Project Goals
I am a plant biologist with broad interests in processes and patterns of evolution at both the molecular and organismal levels. With the advent of genome sequencing, much of our work has centered on the generation and analysis of large scale sequence and expression datasets using bioinformatic and molecular evolutionary approaches. I am fortunate to maintain both wet-lab and dry-lab (informatic) components in my laboratory and to be able to welcome lab members with either or both research interests.

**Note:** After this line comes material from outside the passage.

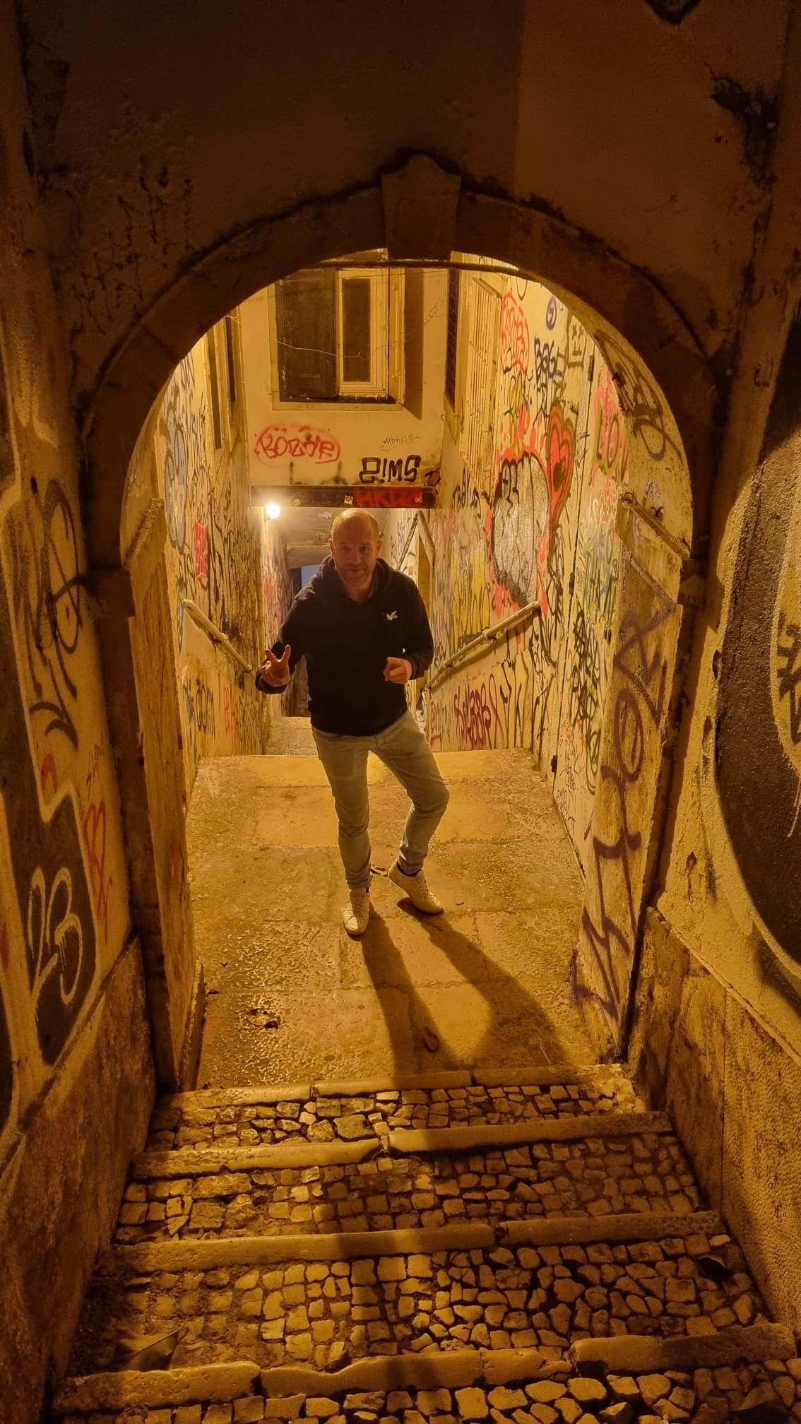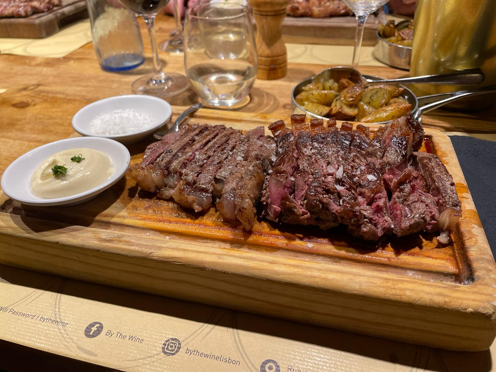 We zijn natuurlijk in Portugal het land van Christiano Ronaldo, de tweede Ronaldo, dus we kunnen het niet tegengaan dat er tijdens het eten soms een SIUUUU klinkt om aan onze Portugese medemensen te laten horen dat we aan het genieten zijn. Na het voorgerecht volgen er nog meer heerlijke hoofdgerechten, steaks in verschillende soorten en maten vinden de weg naar onze tafel. Met meerdere flessen wijn aangevuld natuurlijk. We zitten zo al even heerlijk te genieten dat we niet door hebben dat Dion al even is verdwenen. We weten tot de dag van vandaag niet wat er heeft plaats gevonden op de gender neutrale wc, maar we vermoeden een flink slagveld. Maar hij kwam met een fantastische glimlach van de wc vandaan dus het zal wel een flinke opluchting voor hem zijn geweest. Na het eten is het natuurlijk tijd voor een toetje. Maar het toetje moet even wachten omdat Tim eerst nog even een glas wijn moet laten vallen. Kan natuurlijk de beste overkomen, maar we willen niet zeggen dat zijn alcoholconsumptie er iets mee te maken heeft. Hij is alleen erg onrustig en luid aanwezig. Na het toetje zitten we nog even te twijfelen om nog een fles wijn open te breken. Lang kunnen we echter niet twijfelen, omdat Tim al buiten staat en ons aan het aansporen is om uit te gaan. We gaan dus niet rustig de avond opstarten, maar gewoon maar meteen uit in Lissabon.

My research focuses on three project areas:
- The evolution of the flower and the floral developmental program
- The study of parasitic plants
- Chloroplast genome and phylogenomic evolution
Evolutionary Genomics of the Flower
The sudden appearance of flowers in the fossil record over 100 million years ago represents a great mystery that has long puzzled plant and evolutionary biologists. Among the many key questions surrounding the origin and diversification of flowers include: Did the earliest flowers possess the full complement of genetic information needed to assemble a modern flower? Was genome duplication an important driver of the diversification of floral developmental pathways? Are there genes that have conserved functions throughout much of flowering plant history? Recent studies in plant developmental genetics and genomics have identified more than 100 genes with specific roles in flower development in Arabidopsis and other model organisms. Other genes with critical roles may remain undiscovered, largely because of functional redundancy or lethality of loss-of-function mutations. This knowledge, along with the recently clarified phylogenetic relationships of flowering plants (Leebens-Mack et al. 2005) and the availability of genome-scale data and bioinformatics analysis now make it possible to begin to understand how floral developmental pathways originated and diversified.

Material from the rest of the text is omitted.